→ **Saved entries**:
================================
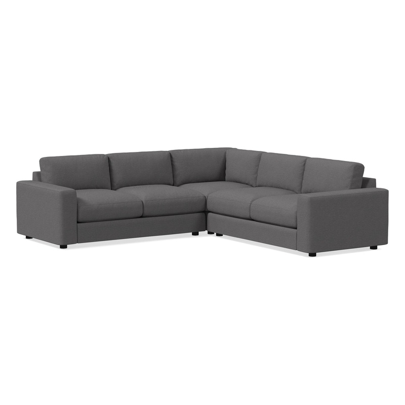 Choose your sectional size: 106″ or 116″.Hand-built frames with hand-finished upholstery.Solid oak and engineered hardwood frame with reinforced joinery.All wood is kiln-dried to prevent warping.High-gauge sinuous springs provide cushion support.Seat cushions have fiber-wrapped, high-resiliency polyurethane foam cores.Seat firmness: Soft. On a scale from 1 to 5 (5 being firmest), we rate it a 2.Back cushions come in your choice of 100% poly fill or down & feather blend wrap.Reversible cushions with zip-off covers.Concealed support legs (removable) for a streamlined profile.Sectional pieces attach via alligator clips (included).Assembled in the USA.
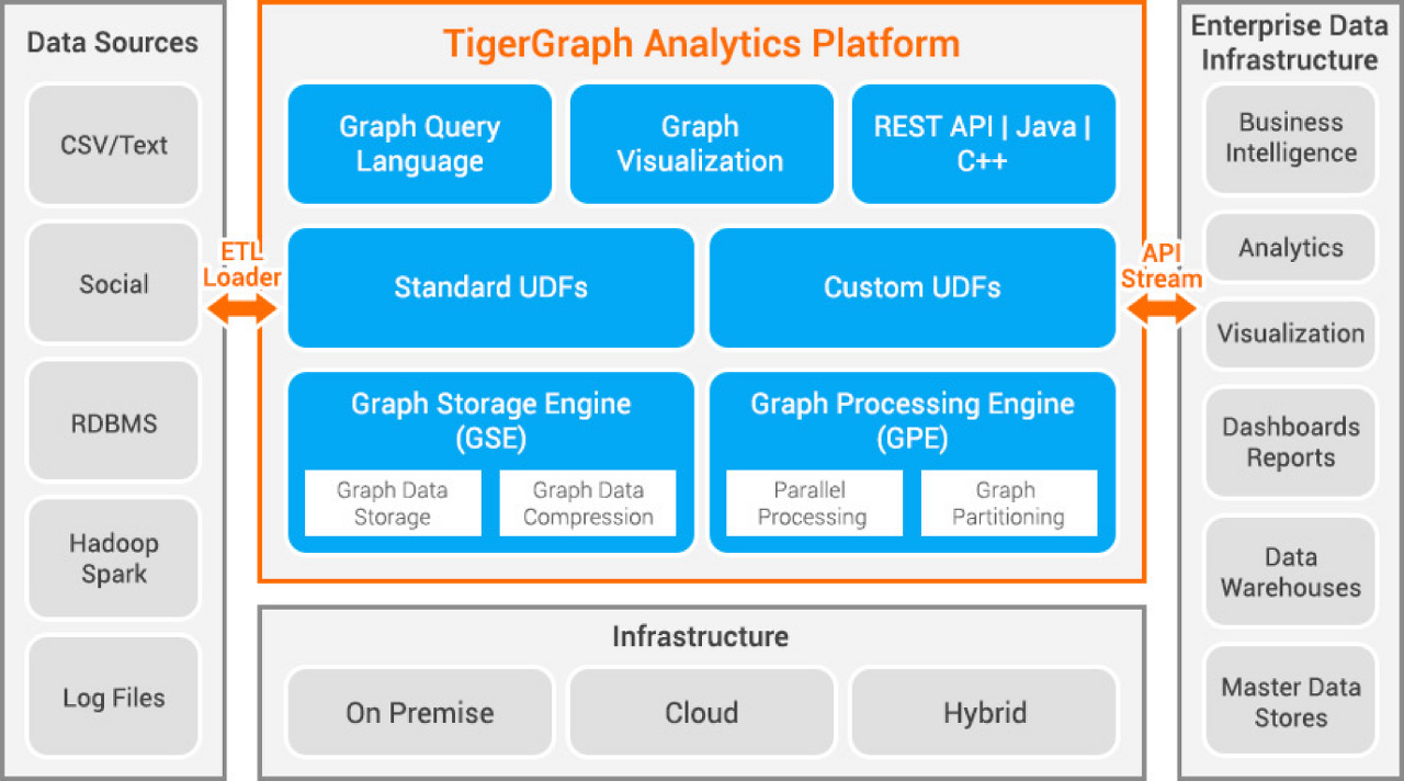 - 표준 및 사용자 정의 UDF는 응용 프로그램 논리를 인코딩하는 C++ 함수. 이러한 UDF는 상위 레이어와 하위 레이어 사이의 다리 역할을 수행. UDF는 엔진 컴파일 시간에 링크되는 정적 라이브러리 형식으로 상주할 수 있음. 또는 엔진 런타임에 연결 가능한 동적 링크 라이브러리일 수 있음. 많은 표준 그래프 작업과 일반 그래프 알고리즘은 사전 구축된 정적 라이브러리에 코딩되어 있으며 각 시스템 릴리스에서 엔진과 연결. 임시 사용자 쿼리는 GSQL 컴파일 시간에 생성되고 런타임에 엔진에 연결
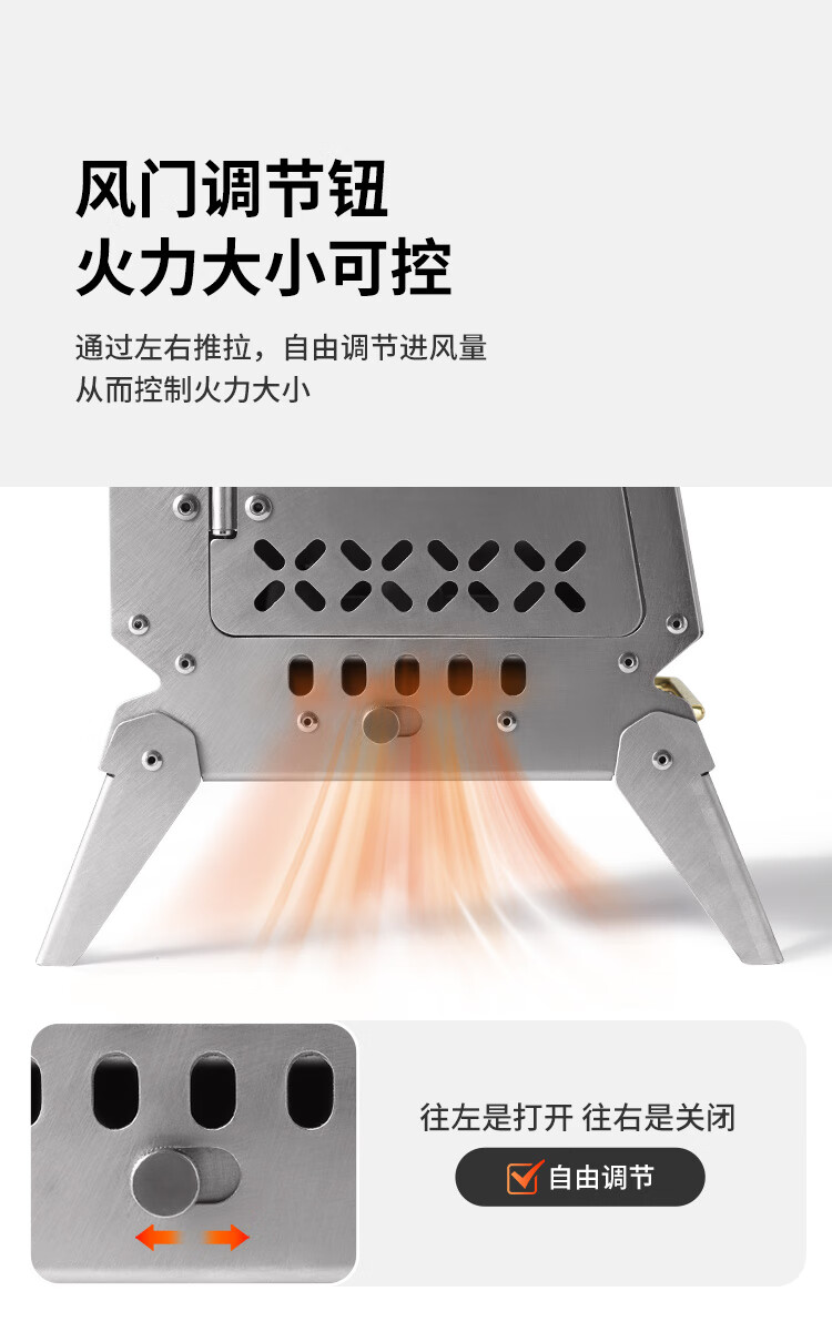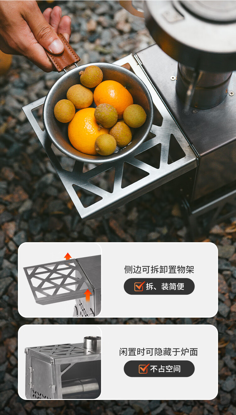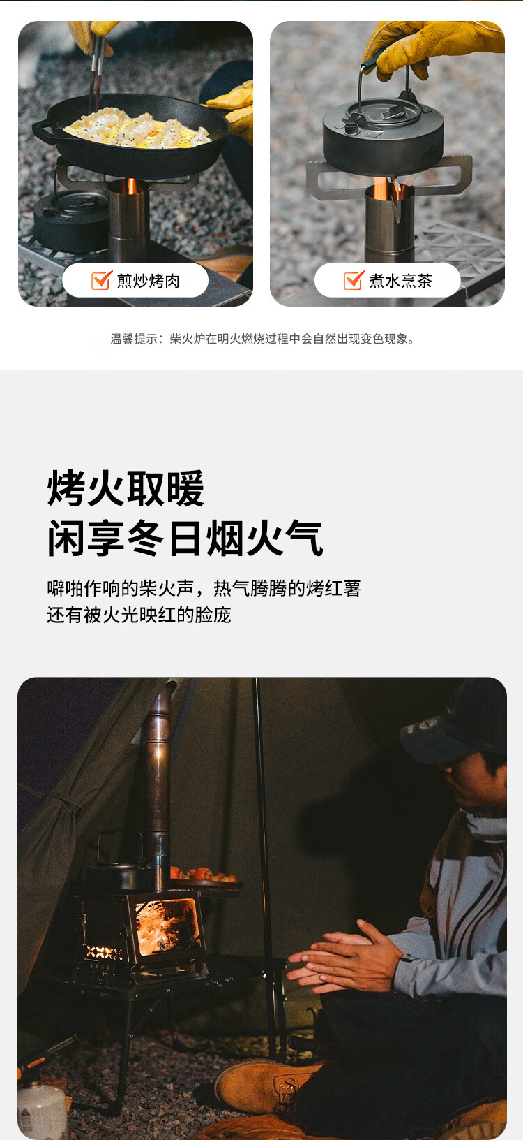 凰一 柴火炉户外野营折叠卡式无烟火箭露营便携帐篷取暖炉 不锈钢帐篷炉(窗花)
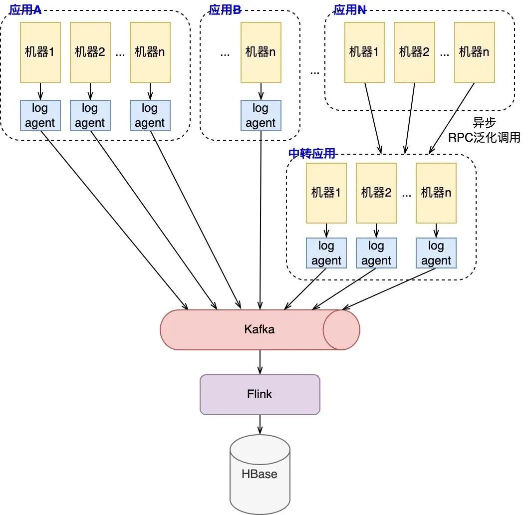 日志收集:各应用服务通过机器上部署的log_agent收集异步上报的日志数据,并统一传输至Kafka通道中,此外针对少量不支持log_agent的服务,搭建了如图所示的中转应用。
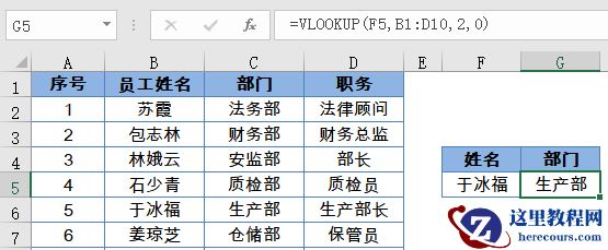 采用上述的公式,我们就很容易的查到于冰福的部门是生产部。
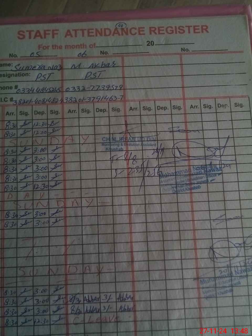 | CNIC | Full Name | Designation | R/C | Absence During Last Calender Month |
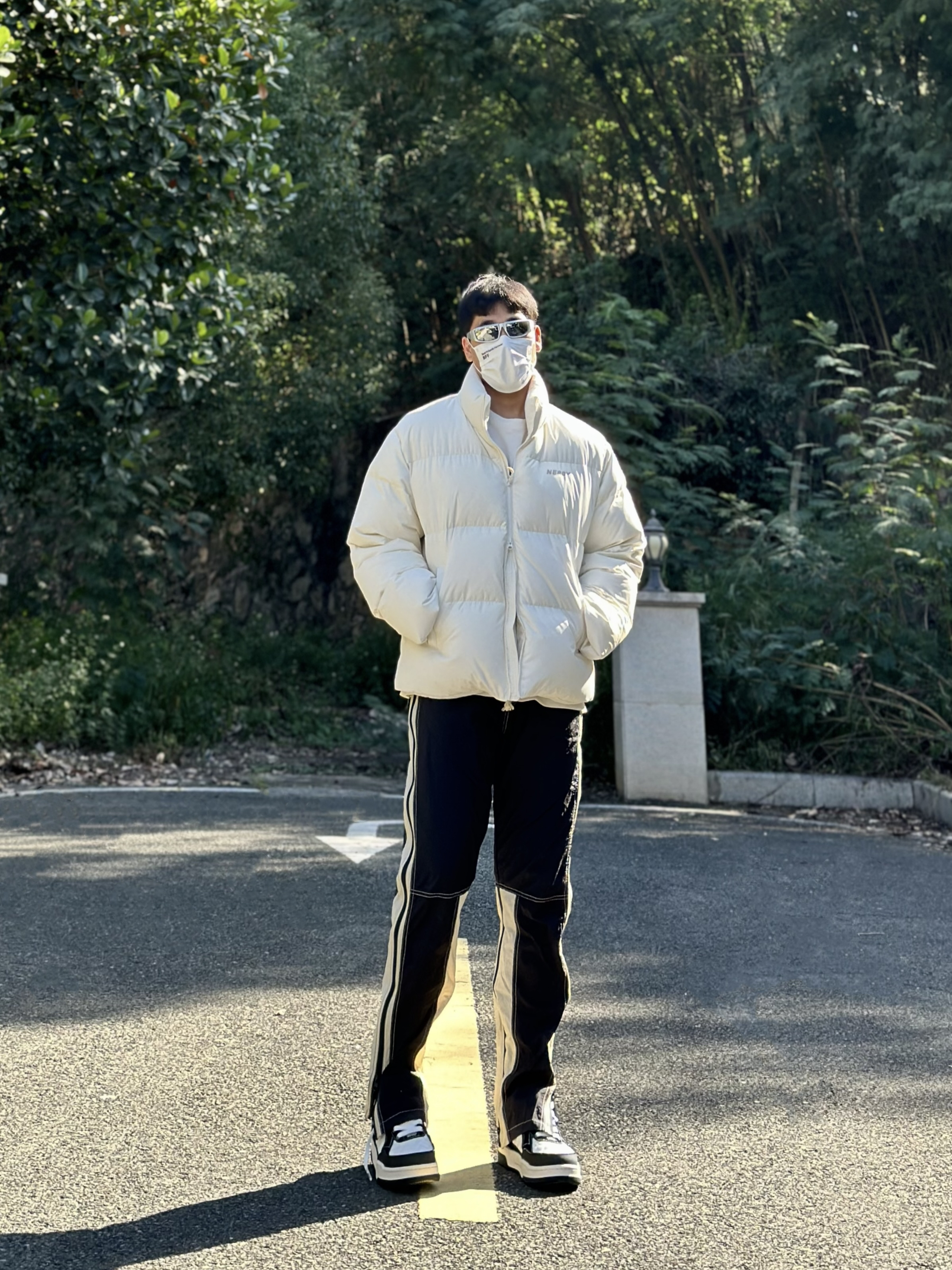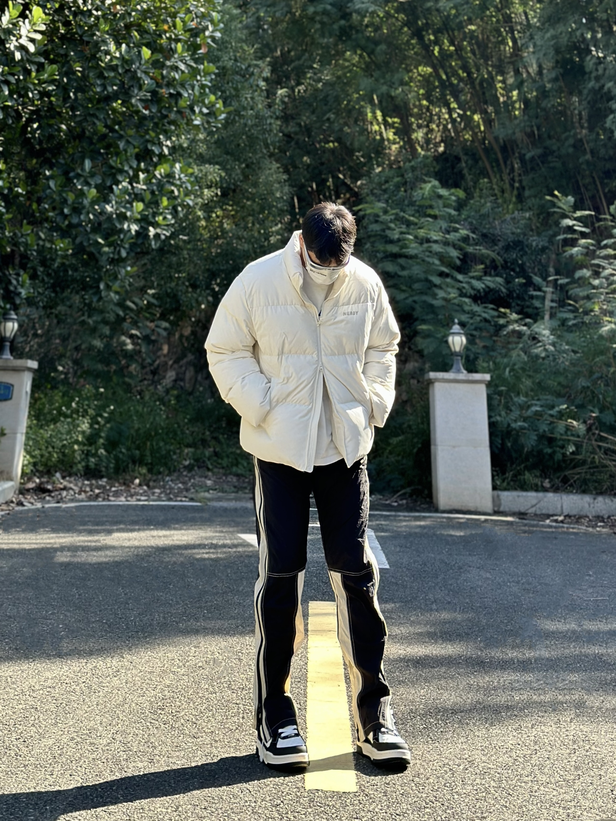 嗨咯嗨咯,大家好!我是gali呀 已经步入冬季啦!记得保暖措施哦🆒 外套是来自NERDY的经典印花羽绒服, 上身版型还是比较贴身舒适的~ 简约百搭是今年的主色调cool 裤子休闲百搭更适合日常~ 上脚的是来自good的新款华夫格板鞋✅ 脚感相比之前的面包鞋提升了很多, 鞋子质感跟颜值也是不必多说的🥰
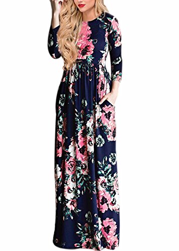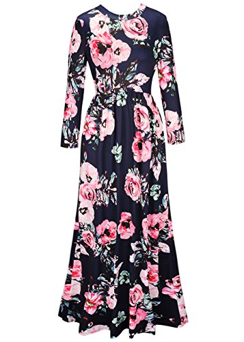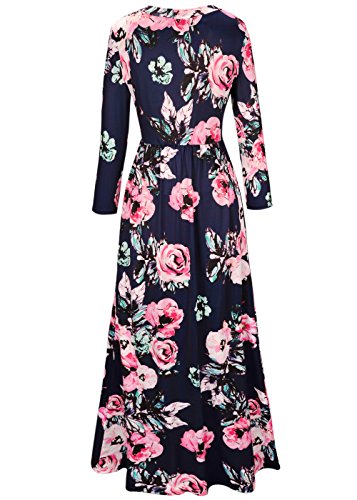 WWomen's Summer Casual Floral Printed Long Sleeve Empire Flower Maxi Dress Navy L
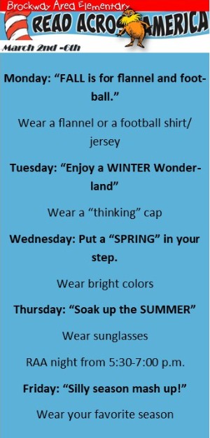 March 5:  Read Across America Family Night and Book Fair Night 5:30-7:00 PM (More info coming soon)
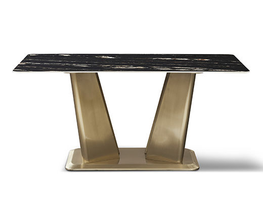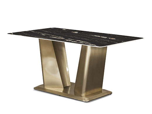 拜洛迪 轻奢 拉丝香槟金不锈钢+大理石 黑色 1.6米餐桌¥6727
================================
→ **Goal of the exercise**:
The reply should hold the entries above from the line with "采用上述的公式,我们就很容易的查到于冰福的部门是生产部。" to the line with "上脚的是来自good的新款华夫格板鞋✅ 脚感相比之前的面包鞋提升了很多, 鞋子质感跟颜值也是不必多说的🥰", duplicated exactly, pictures excluded.

→ **The completed task**:
 采用上述的公式,我们就很容易的查到于冰福的部门是生产部。
 | CNIC | Full Name | Designation | R/C | Absence During Last Calender Month |
 嗨咯嗨咯,大家好!我是gali呀 已经步入冬季啦!记得保暖措施哦🆒 外套是来自NERDY的经典印花羽绒服, 上身版型还是比较贴身舒适的~ 简约百搭是今年的主色调cool 裤子休闲百搭更适合日常~ 上脚的是来自good的新款华夫格板鞋✅ 脚感相比之前的面包鞋提升了很多, 鞋子质感跟颜值也是不必多说的🥰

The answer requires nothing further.